▶ _Stored entries_

::::::

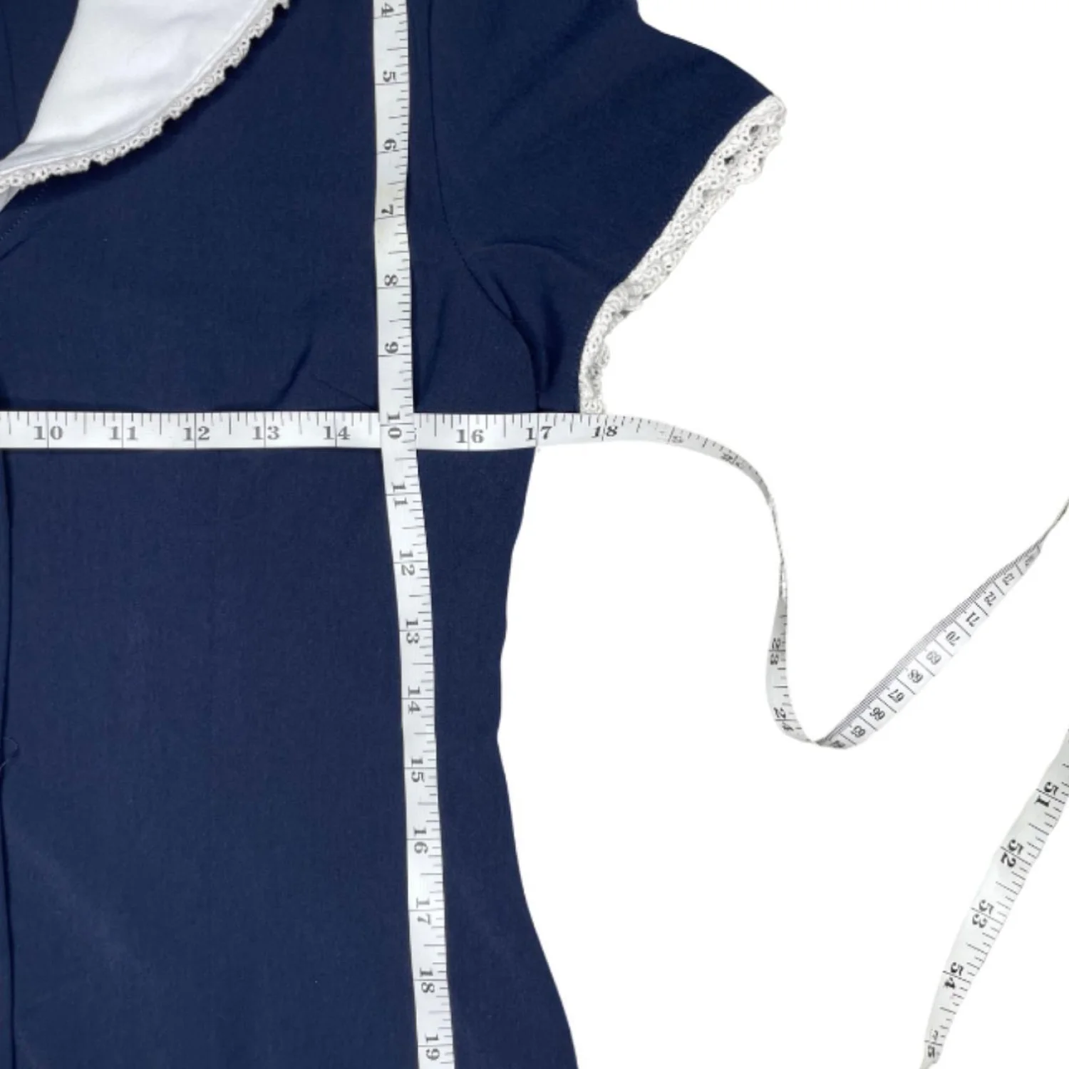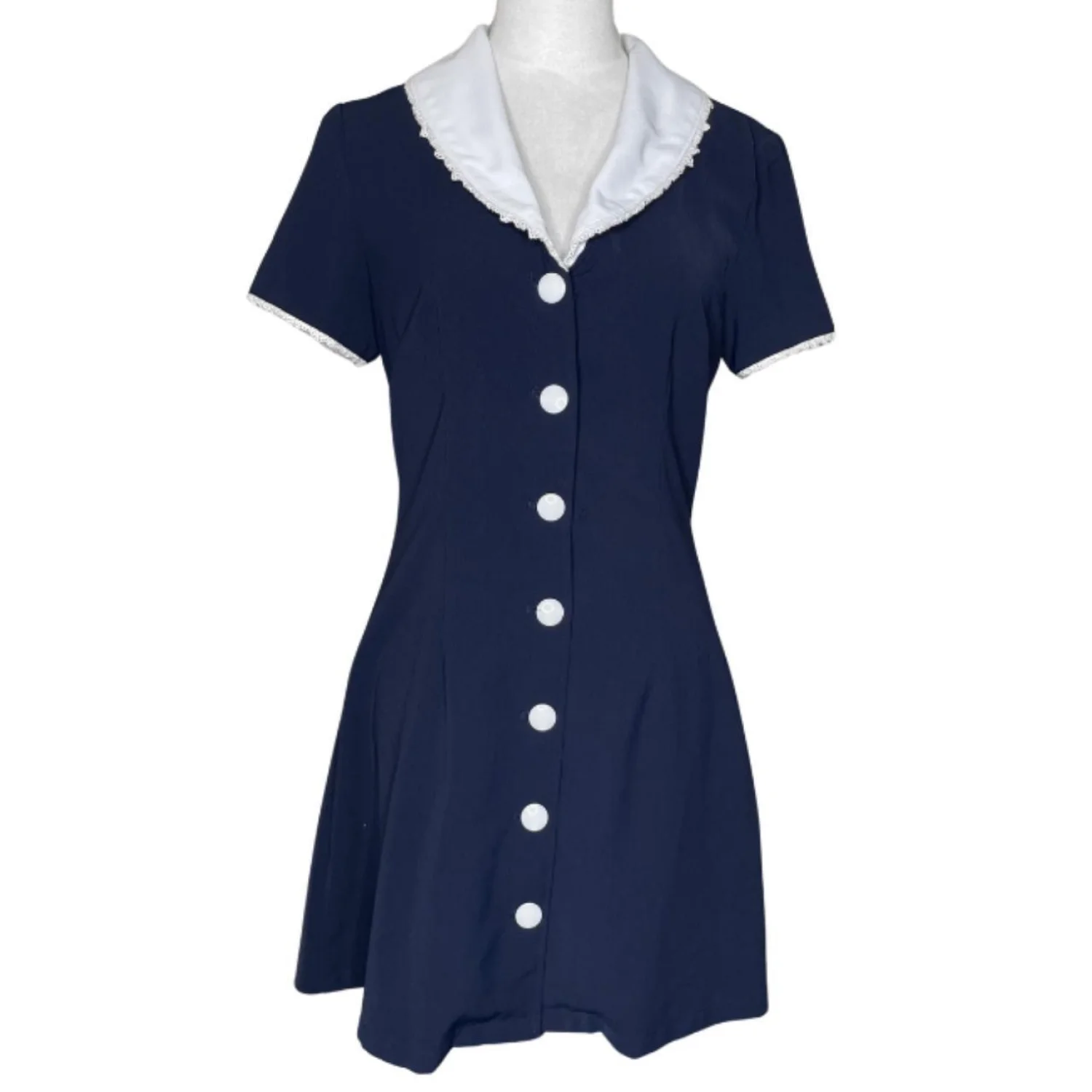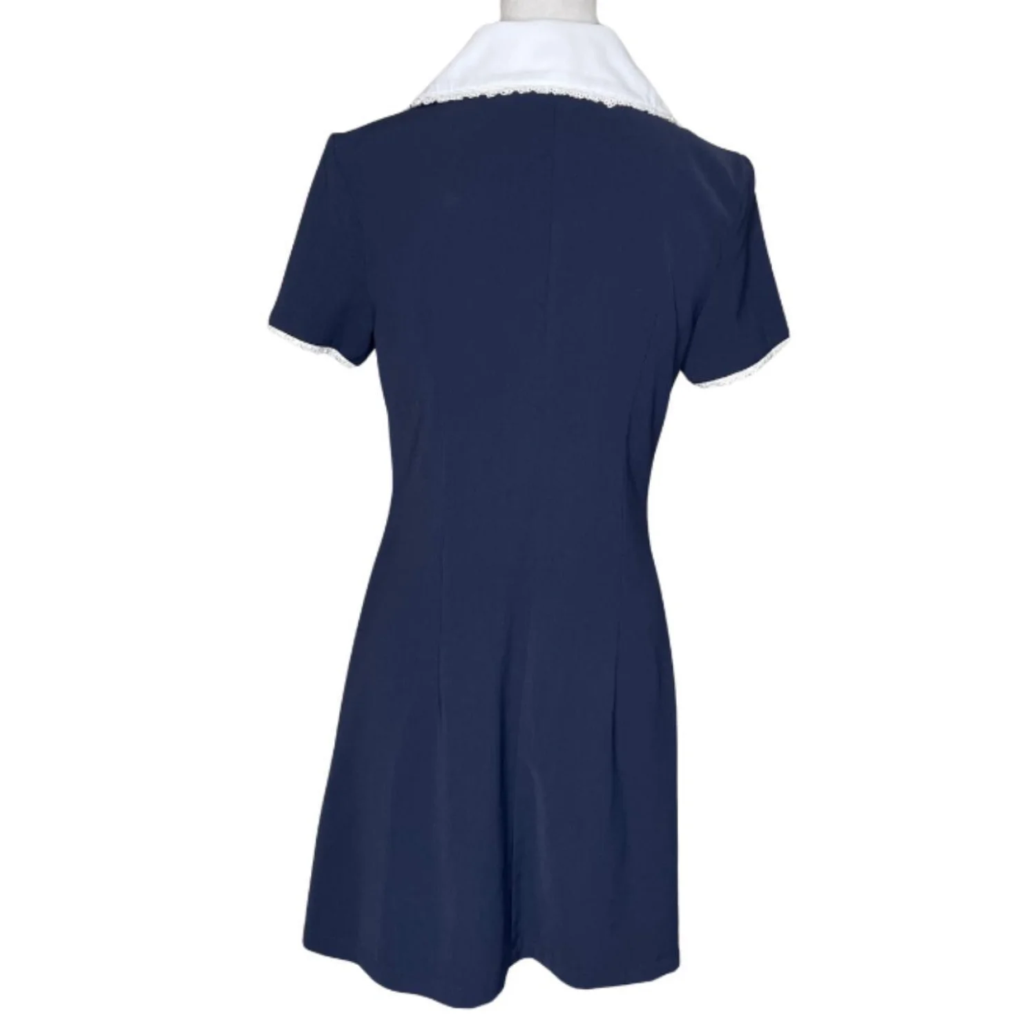 Cider Navy Blue White Lace Trim Collar Button Down Mini Dress Medium
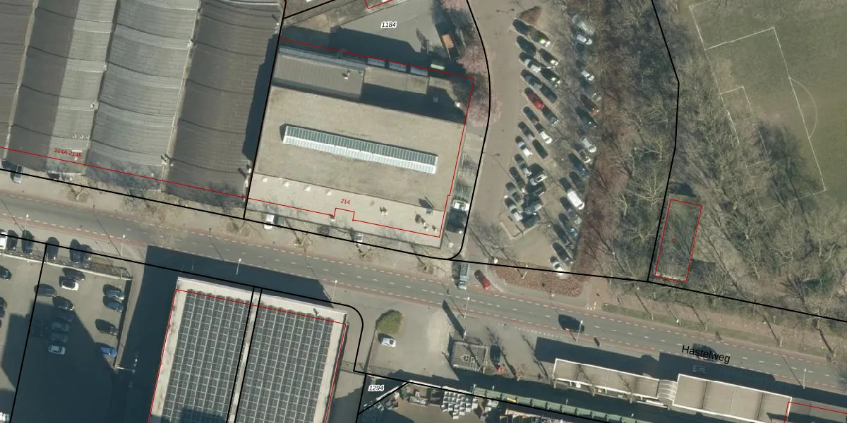 Hastelweg 214 is gelegen op kadastraal perceel STR03D1184. Deze kadastrale aanduiding is uniek en wordt gebruikt door het Kadaster om eigendomsrechten en andere zakelijke rechten vast te leggen. Het perceel maakt onderdeel uit van de kadastrale gemeente Strijp.
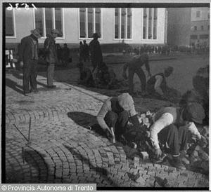 Trento, piazza Sanzio, lavori di pavimentazione stradale
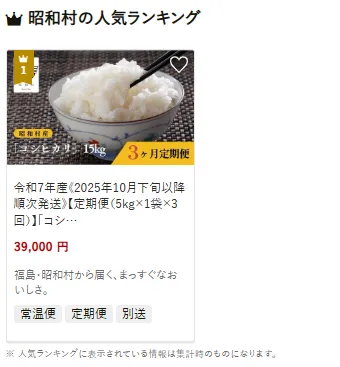 昭和村で人気の返礼品は昭和村産の「コシヒカリ定期便」です。令和7年産の米が、5kg×1袋×3回(合計15kg)で届き、おいしさと品質の高さが家庭でも楽しめると好評です。
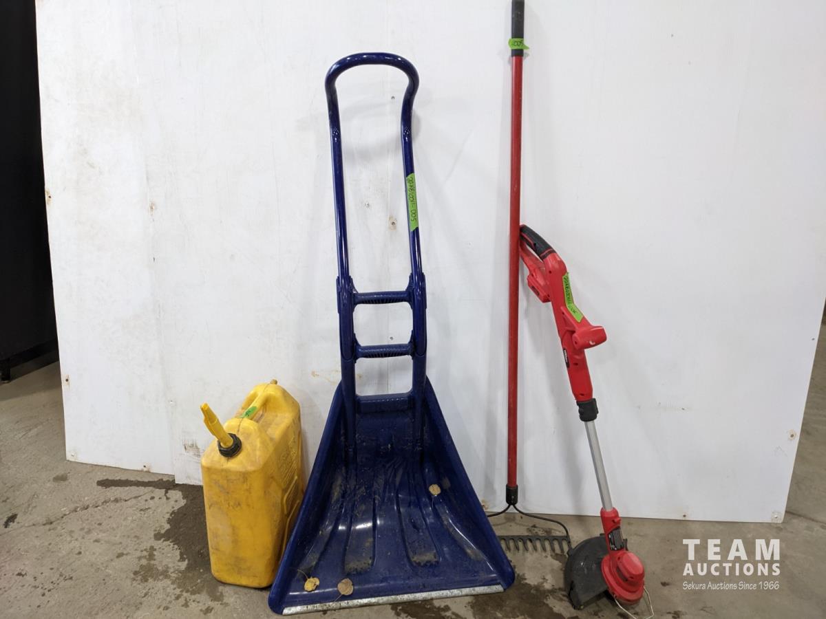 1289 Snow Shovel, Rake, Cordless Weed Trimmer and Jerry Can
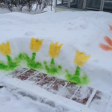 Leiskite vaikams svajoti ir kurti, lai žiemą žaliuoja medžiai ir žydi gėlės. Pieškite ant sniego ir tegul vaikų darbai džiugina bendruomenes.
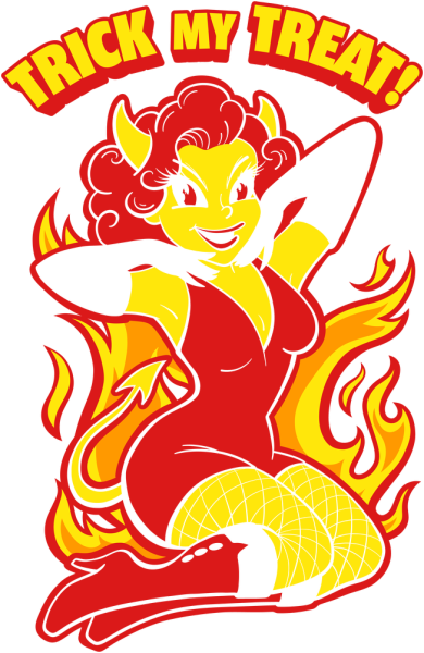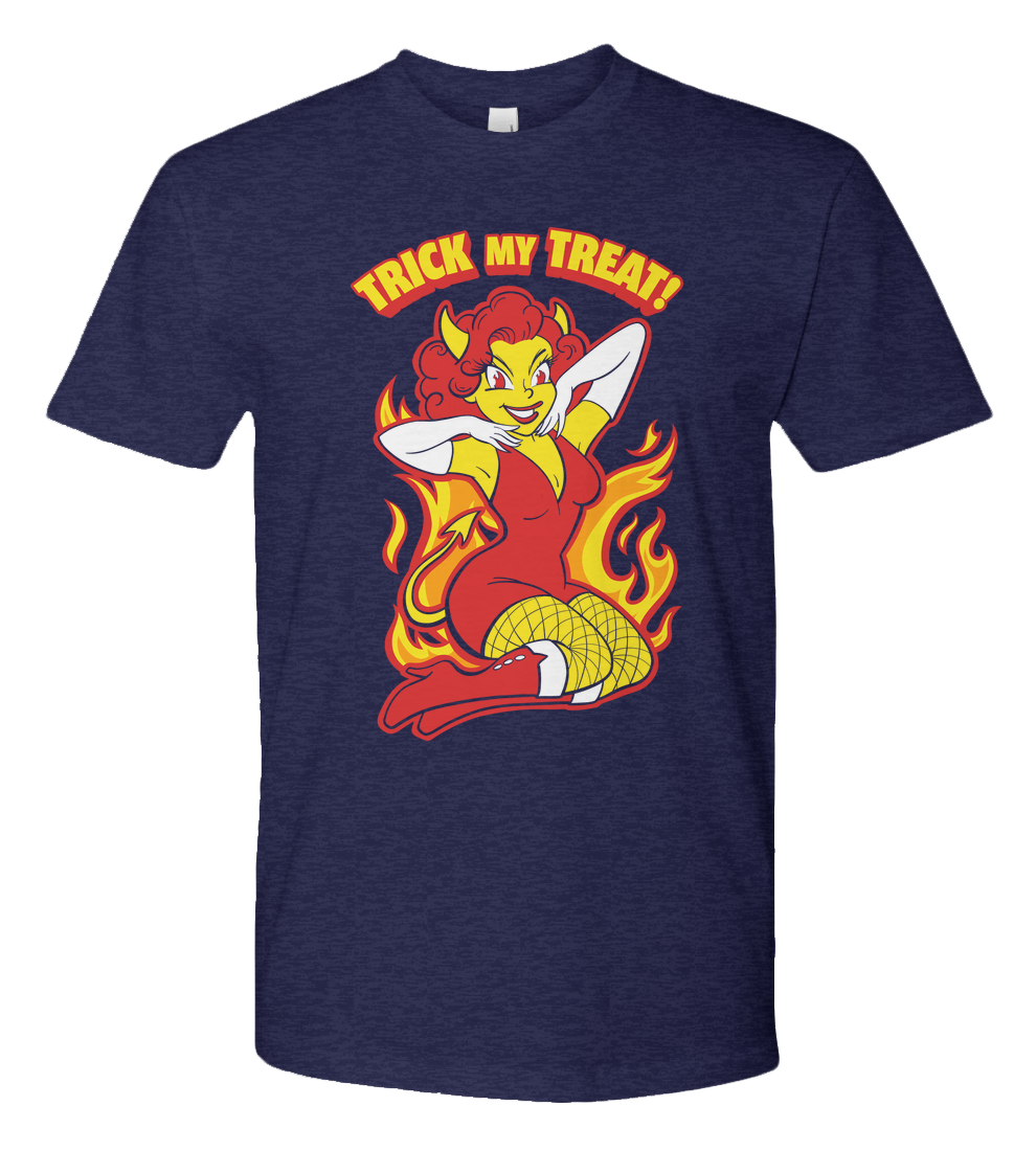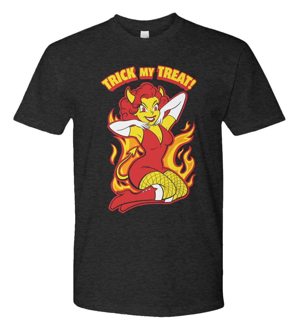 Turn up the heat this Halloween with this fiery Trick My Treat! tee! Featuring a playful retro style devil girl surrounded by flames, this bold design blends vintage pin-up charm with mischievous Halloween fun. Perfect for parties, spooky season lovers, or anyone who likes their style a little wicked. This shirt is guaranteed to make you the hottest treat in town.
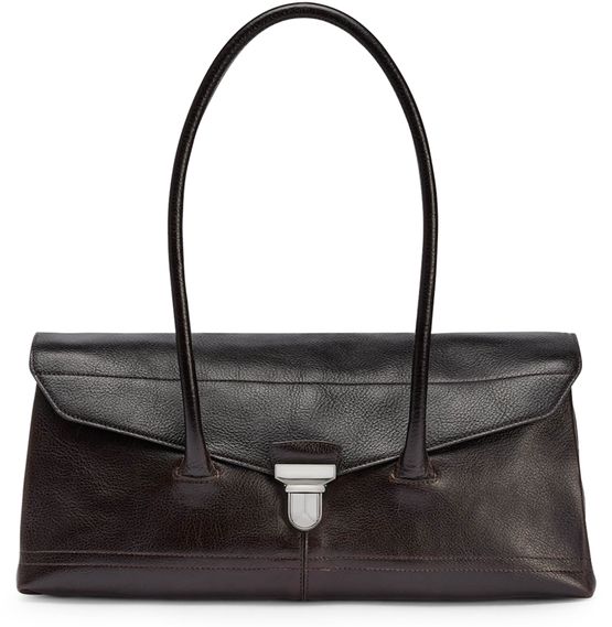 • Description : hand carried, worn on the shoulder, back pocket, flap closure, visible topstitching, logo at the back, engraved logo, messenger bag, silver finish, thin strap.
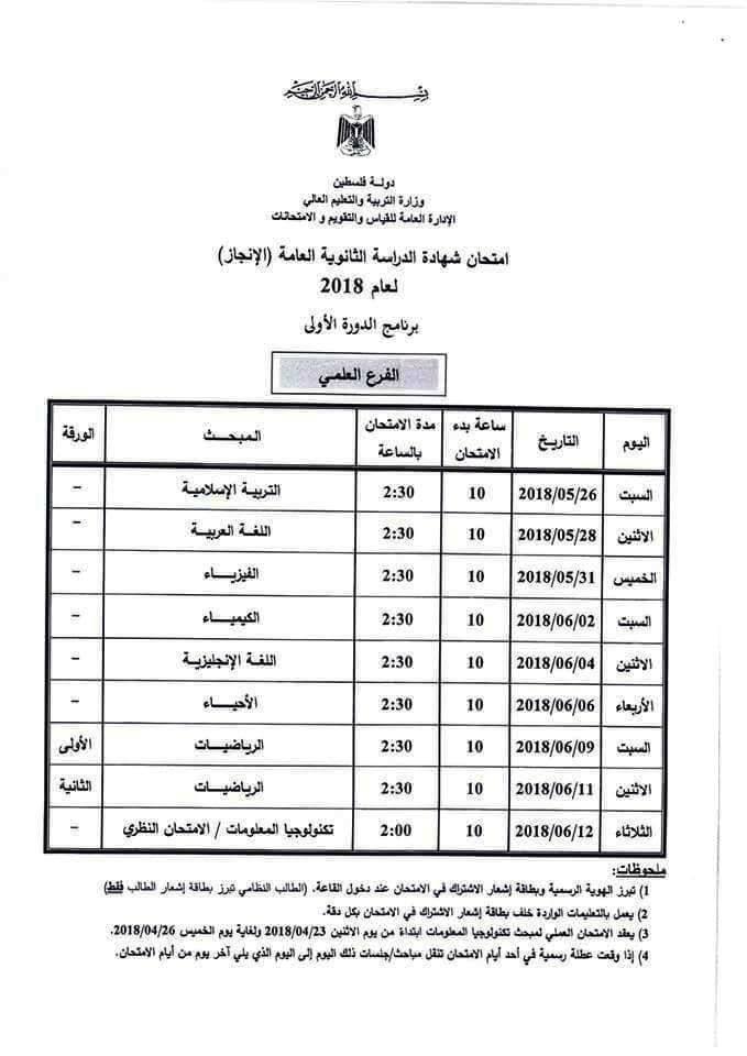 جدول امتحانات الثانوية العامة 2020 فلسطين لم يسبق له مثيل الصور
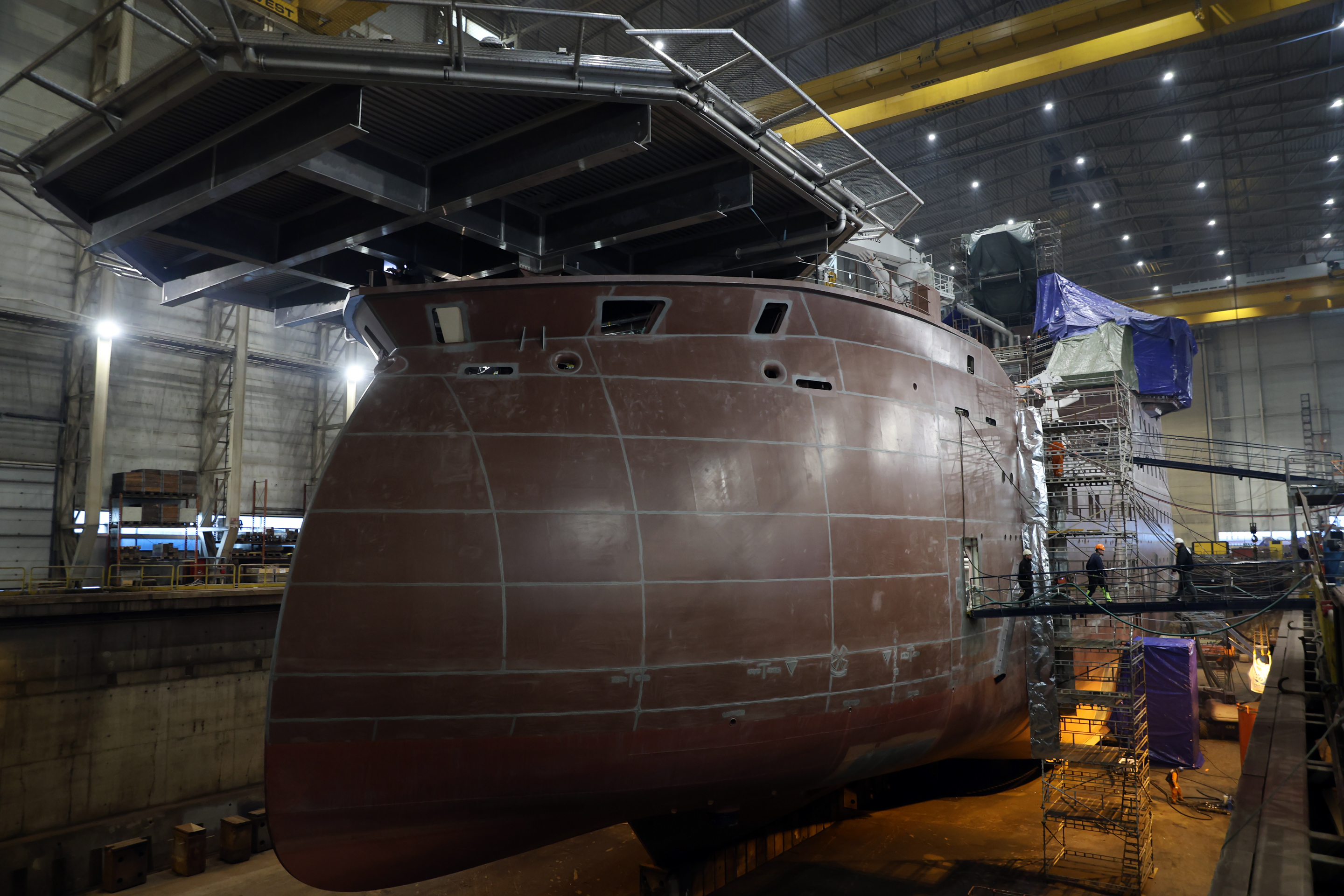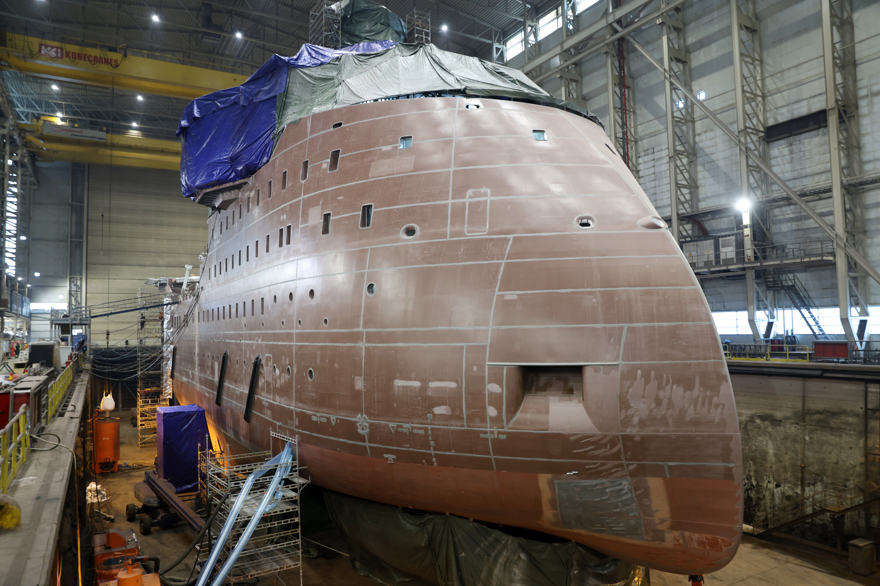 The vessel will remain in the dock hall throughout the painting process, with all exterior work scheduled for completion prior to the float-out in early 2026.
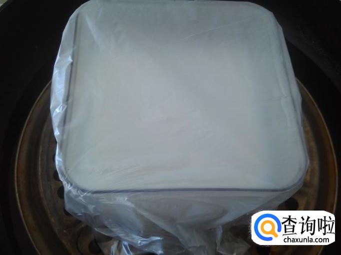 再用薄膜盖住,放到锅里用大火蒸10分钟左右。
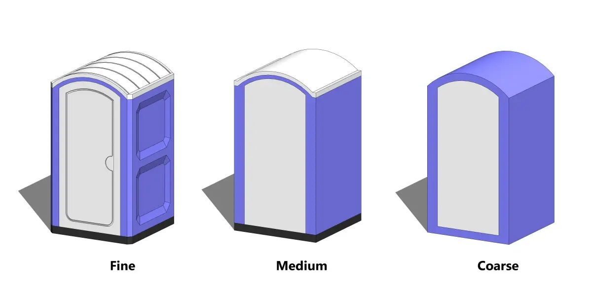 The object was modelled with different geometries for Fine, Medium and Coarse detail levels.

::::::

▶ _Work to complete_
Write every record out again exactly, omitting the pictures they hold.

▶ _Response to this task_
 Cider Navy Blue White Lace Trim Collar Button Down Mini Dress Medium
 Hastelweg 214 is gelegen op kadastraal perceel STR03D1184. Deze kadastrale aanduiding is uniek en wordt gebruikt door het Kadaster om eigendomsrechten en andere zakelijke rechten vast te leggen. Het perceel maakt onderdeel uit van de kadastrale gemeente Strijp.
 Trento, piazza Sanzio, lavori di pavimentazione stradale
 昭和村で人気の返礼品は昭和村産の「コシヒカリ定期便」です。令和7年産の米が、5kg×1袋×3回(合計15kg)で届き、おいしさと品質の高さが家庭でも楽しめると好評です。
 1289 Snow Shovel, Rake, Cordless Weed Trimmer and Jerry Can
 Leiskite vaikams svajoti ir kurti, lai žiemą žaliuoja medžiai ir žydi gėlės. Pieškite ant sniego ir tegul vaikų darbai džiugina bendruomenes.
 Turn up the heat this Halloween with this fiery Trick My Treat! tee! Featuring a playful retro style devil girl surrounded by flames, this bold design blends vintage pin-up charm with mischievous Halloween fun. Perfect for parties, spooky season lovers, or anyone who likes their style a little wicked. This shirt is guaranteed to make you the hottest treat in town.
 • Description : hand carried, worn on the shoulder, back pocket, flap closure, visible topstitching, logo at the back, engraved logo, messenger bag, silver finish, thin strap.
 جدول امتحانات الثانوية العامة 2020 فلسطين لم يسبق له مثيل الصور
 The vessel will remain in the dock hall throughout the painting process, with all exterior work scheduled for completion prior to the float-out in early 2026.
 再用薄膜盖住,放到锅里用大火蒸10分钟左右。
 The object was modelled with different geometries for Fine, Medium and Coarse detail levels.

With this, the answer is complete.